§ What is being asked
Repeat only what runs from the line with "Niulatu Ball Gown" through the last line of the data below, both included, keeping every word as it is and leaving out the pictures.

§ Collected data
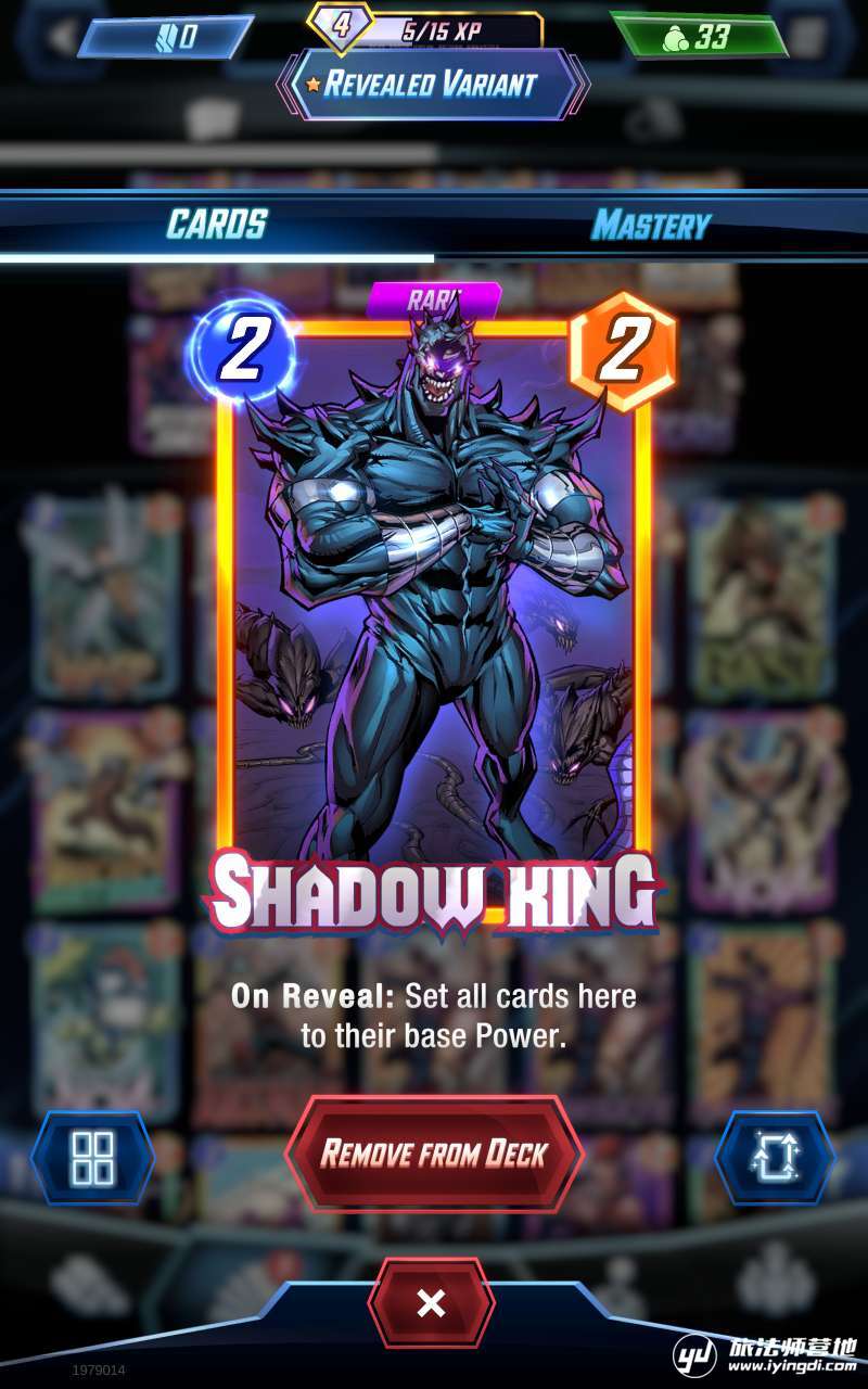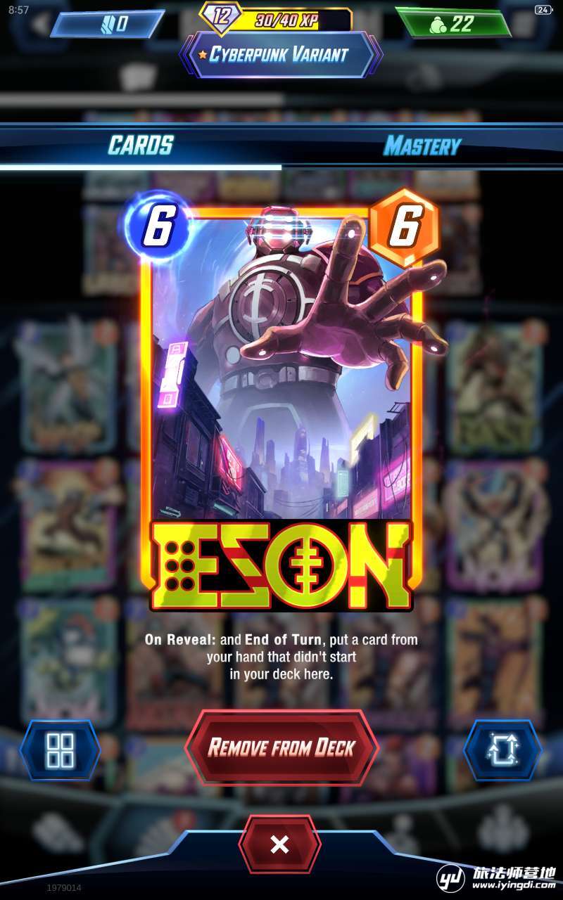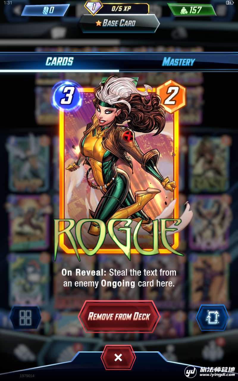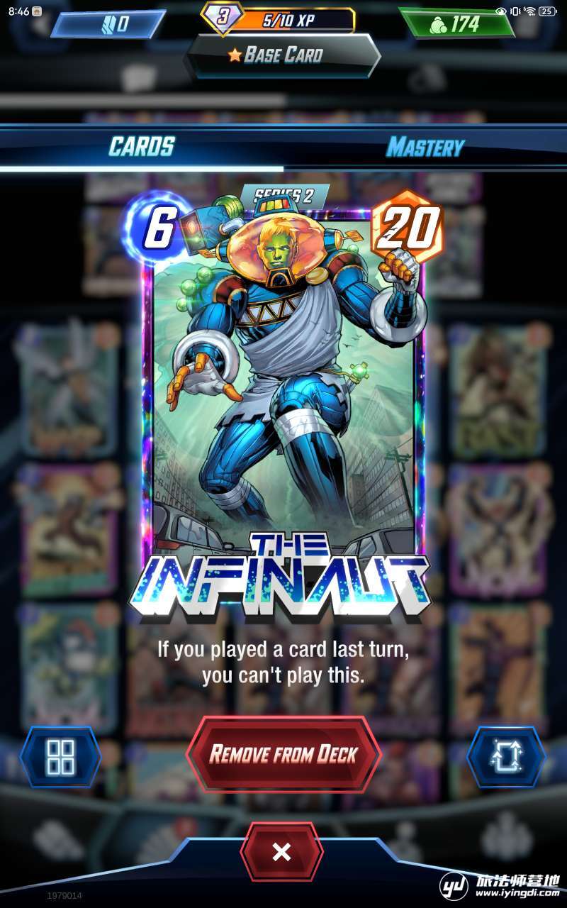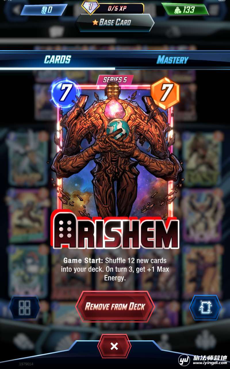 “你场上每有一张不属于你卡组的牌,此牌能量消耗减一”,这张卡能搭配灭霸和阿里瑟姆,也是张好卡。
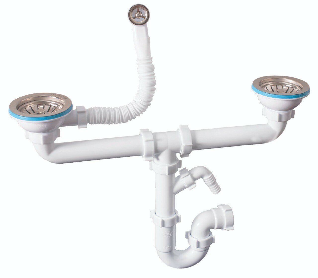 корзинчатый вентиль, отверстие под смеситель, сливная арматура, Отводная арматура с выпуском для двух одноуровневых чаш 3 ? ” (D=90 мм) с переливом
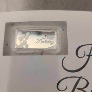 Make birthdays truly special with our HAPPY BIRTHDAY .999 Fine Silver Bar and birthday card combo. This exquisite silver bar is crafted from the finest .999 silver, featuring a beautiful design that celebrates the occasion in style. Paired with a heartfelt birthday card, this gift is sure to bring joy and smiles to your loved one’s special day. Whether you’re looking for a unique gift or a memorable addition to your collection, our HAPPY BIRTHDAY .999 Fine Silver Bar and birthday card combo is the perfect choice. Shop now and make their birthday unforgettable with this thoughtful and elegant gift set.
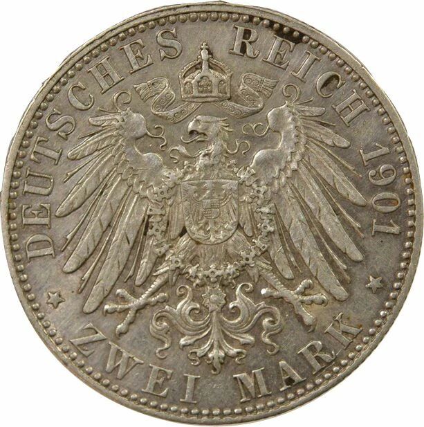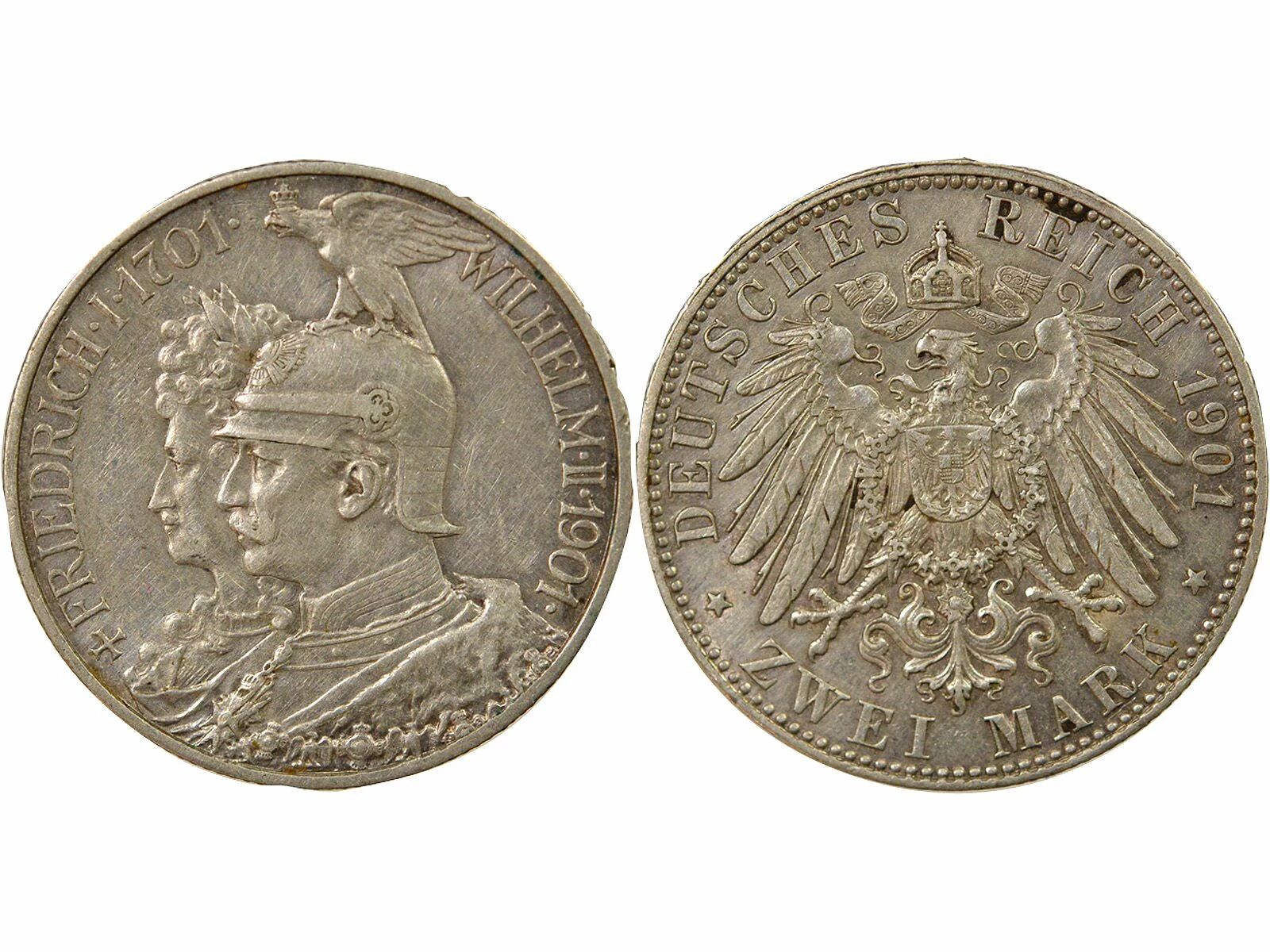 Accueil > Monnaies du monde > Monnaies d'Europe > Allemagne - Etats Allemands > Prusse > Etats Allemands (Prusse) Guillaume II - 2 Mark Argent, 200 Ans du Royaume - 1901 A Berlin
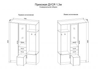 Дополнительно: Прихожая «Дуся» доступна в двух вариациях размеров: 1.3 и 1.7 м.
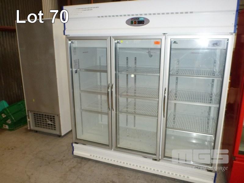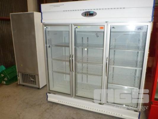 UPRIGHT 3 DOOR DISPLAY FRIDGE, ANVIL-AIRE, GDJ1880 SELF CONTAINED UNIT, 240V
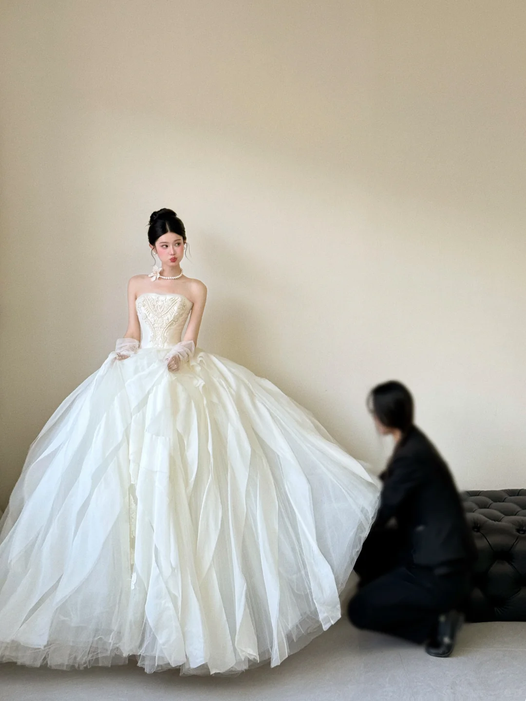 Niulatu Ball Gown Strapless White Satin Tulle Applique With Gloves Long Wedding Dresses HZ1110
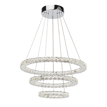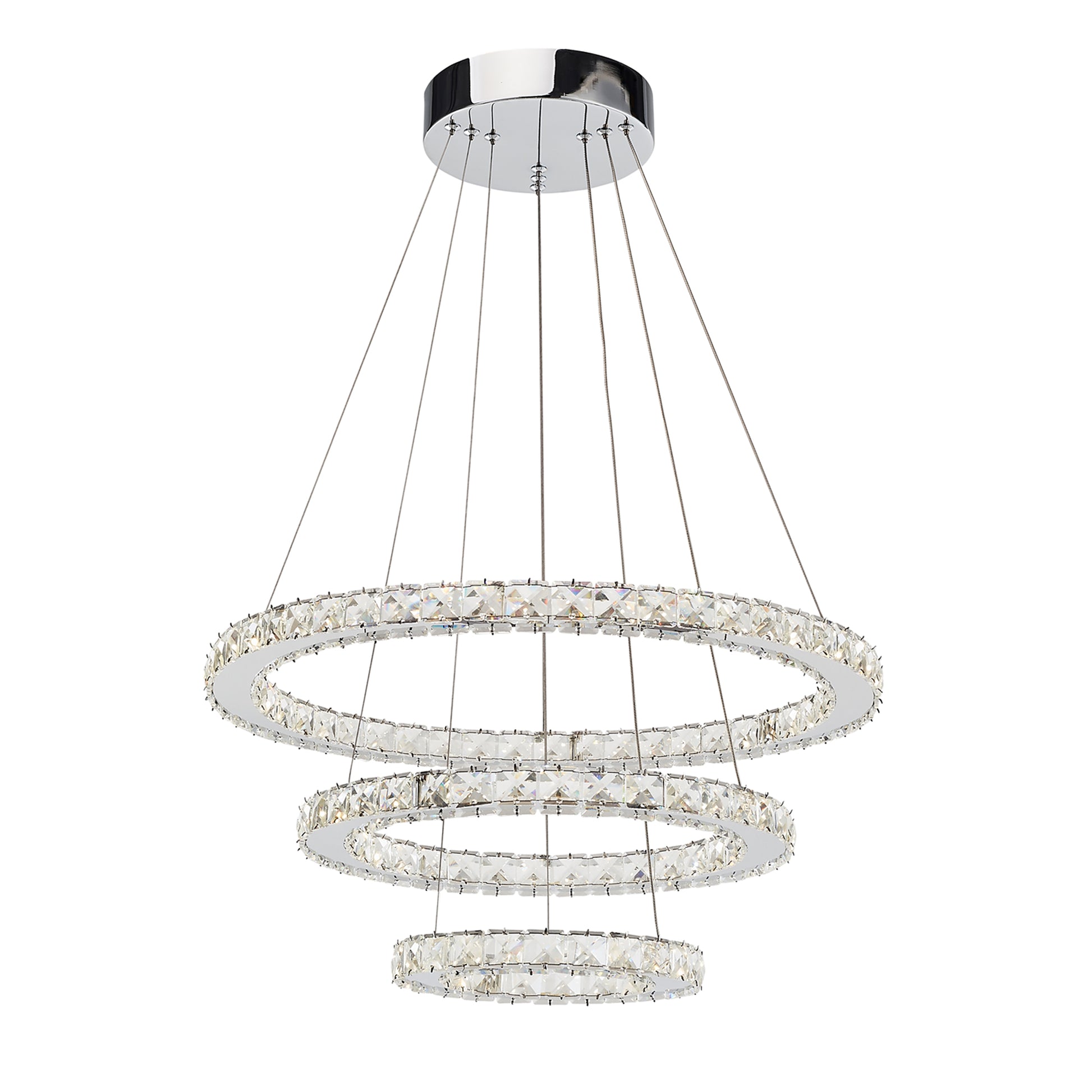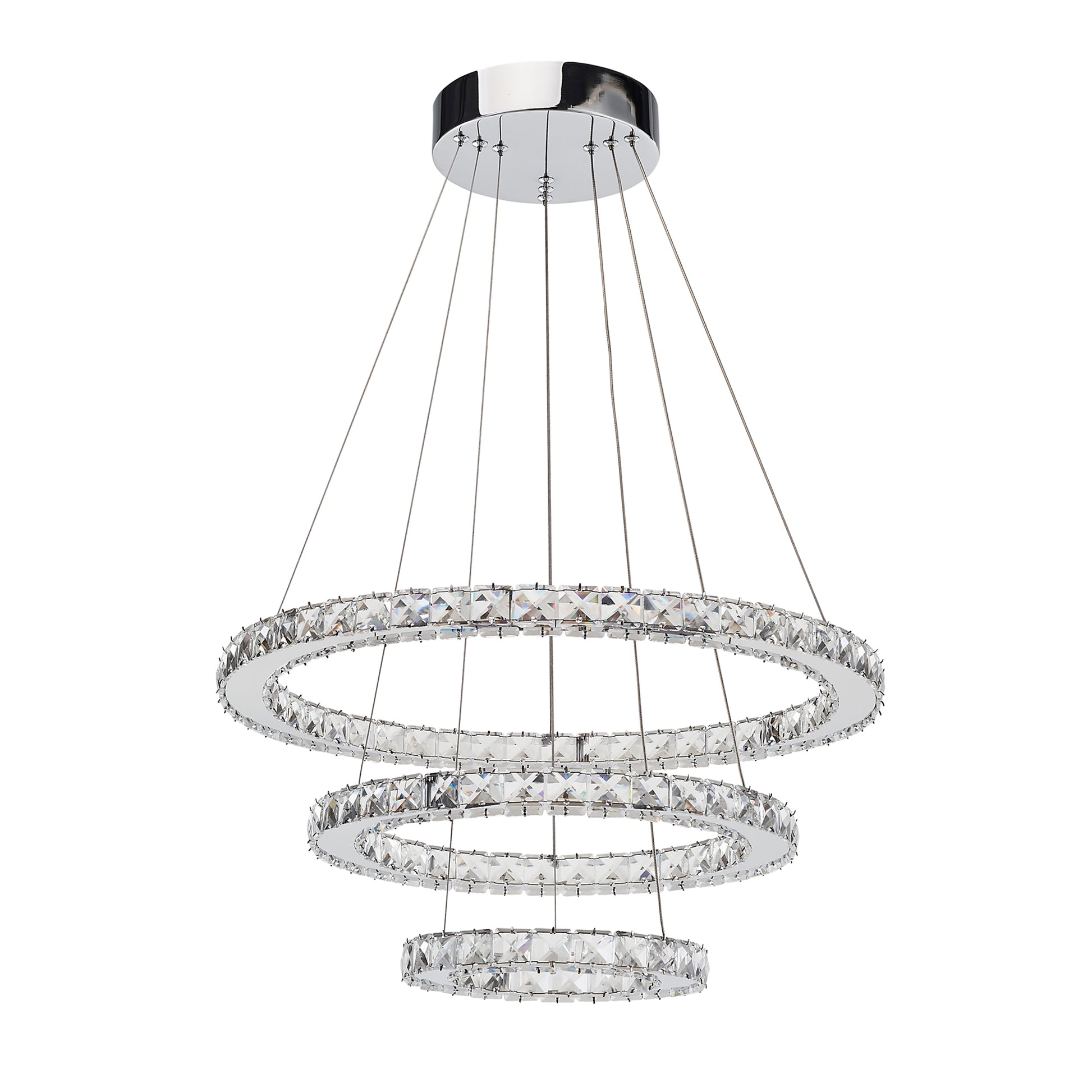 3 Layers Round Ring Chandelier, Iron Stainless Steel Crystal Chrome Color 4000K Natural White Lighting Fixtures, 60W Led Pendant Light For Living Room Dining Room Chrome Ceiling Lights 3100K 4200K
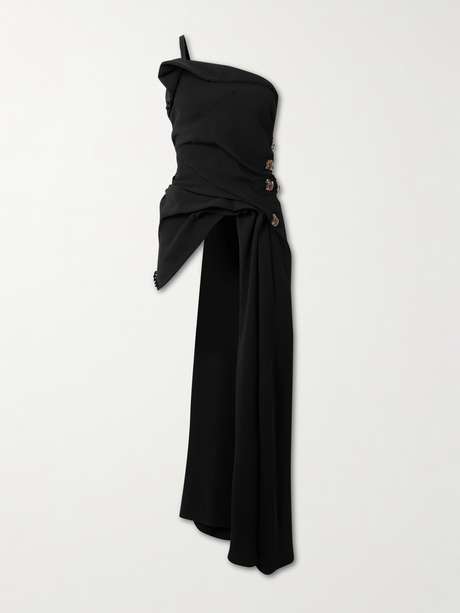 Dries Van Noten's one-shoulder top is artfully draped to evoke a state of undress – look closely and you'll notice the lingerie-inspired eyelet trim. Made from black crepe, it's embellished with sparkling beads and crystals and has a trailing asymmetric hem. Style yours with a floor-length skirt or straight-leg pants.
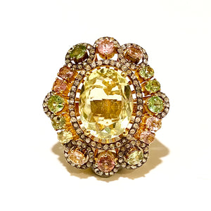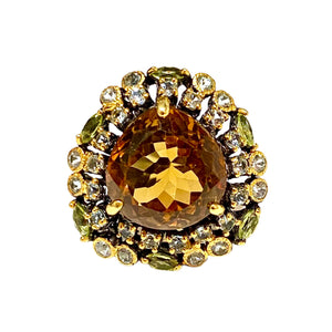 Sterling Silver Gold Plated Citrine, Tourmaline and Diamond Ring

§ Reply to the exercise
 Niulatu Ball Gown Strapless White Satin Tulle Applique With Gloves Long Wedding Dresses HZ1110
 3 Layers Round Ring Chandelier, Iron Stainless Steel Crystal Chrome Color 4000K Natural White Lighting Fixtures, 60W Led Pendant Light For Living Room Dining Room Chrome Ceiling Lights 3100K 4200K
 Dries Van Noten's one-shoulder top is artfully draped to evoke a state of undress – look closely and you'll notice the lingerie-inspired eyelet trim. Made from black crepe, it's embellished with sparkling beads and crystals and has a trailing asymmetric hem. Style yours with a floor-length skirt or straight-leg pants.
 Sterling Silver Gold Plated Citrine, Tourmaline and Diamond Ring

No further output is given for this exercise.